**Work to complete:** Please print the full listing below exactly, but not the pictures in it.

Given material: Begin

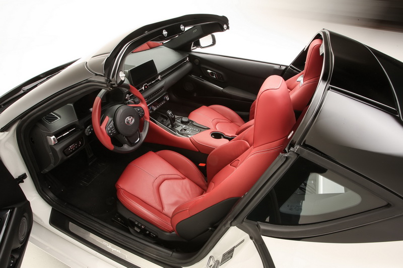 這次Toyota在SEMA改裝車展中展示的GR Supra敞篷版,同樣是以Heritage Edition為基礎改裝而來,並向1980-90年代A80 Targa Supra經典造型致敬的作品,車頂採用快拆式設計,拆卸後的車頂可收納在後行李箱內,並在車頂邊緣以3D列印飾版修飾,讓開篷狀態的車頂輪廓能更為一致,且不僅是切掉部分車頂那麼簡單,為了維持與原車相同的車體剛性,從引擎室延伸到A柱以及車艙後方的結構皆經過強化,讓這款特製敞篷車同樣擁有高強度的防護等級。
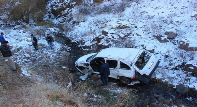 Horasan’da otomobil uçuruma yuvarlandı: 2 yaralı
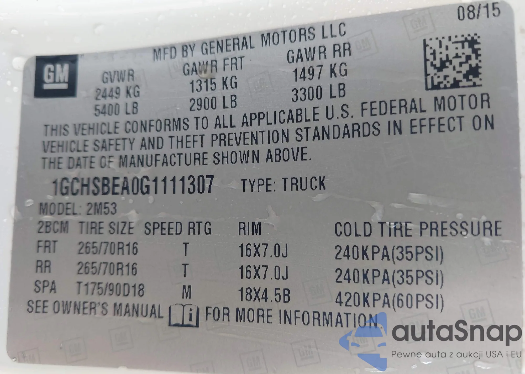 The car Chevrolet Colorado 2016 (VIN 1GCHSBEA0G1111307) has documents that prevent registration. Export and registration may be difficult. Contact AutaSnap experts to find alternatives.

Given material: End

**Result:**
 這次Toyota在SEMA改裝車展中展示的GR Supra敞篷版,同樣是以Heritage Edition為基礎改裝而來,並向1980-90年代A80 Targa Supra經典造型致敬的作品,車頂採用快拆式設計,拆卸後的車頂可收納在後行李箱內,並在車頂邊緣以3D列印飾版修飾,讓開篷狀態的車頂輪廓能更為一致,且不僅是切掉部分車頂那麼簡單,為了維持與原車相同的車體剛性,從引擎室延伸到A柱以及車艙後方的結構皆經過強化,讓這款特製敞篷車同樣擁有高強度的防護等級。
 Horasan’da otomobil uçuruma yuvarlandı: 2 yaralı
 The car Chevrolet Colorado 2016 (VIN 1GCHSBEA0G1111307) has documents that prevent registration. Export and registration may be difficult. Contact AutaSnap experts to find alternatives.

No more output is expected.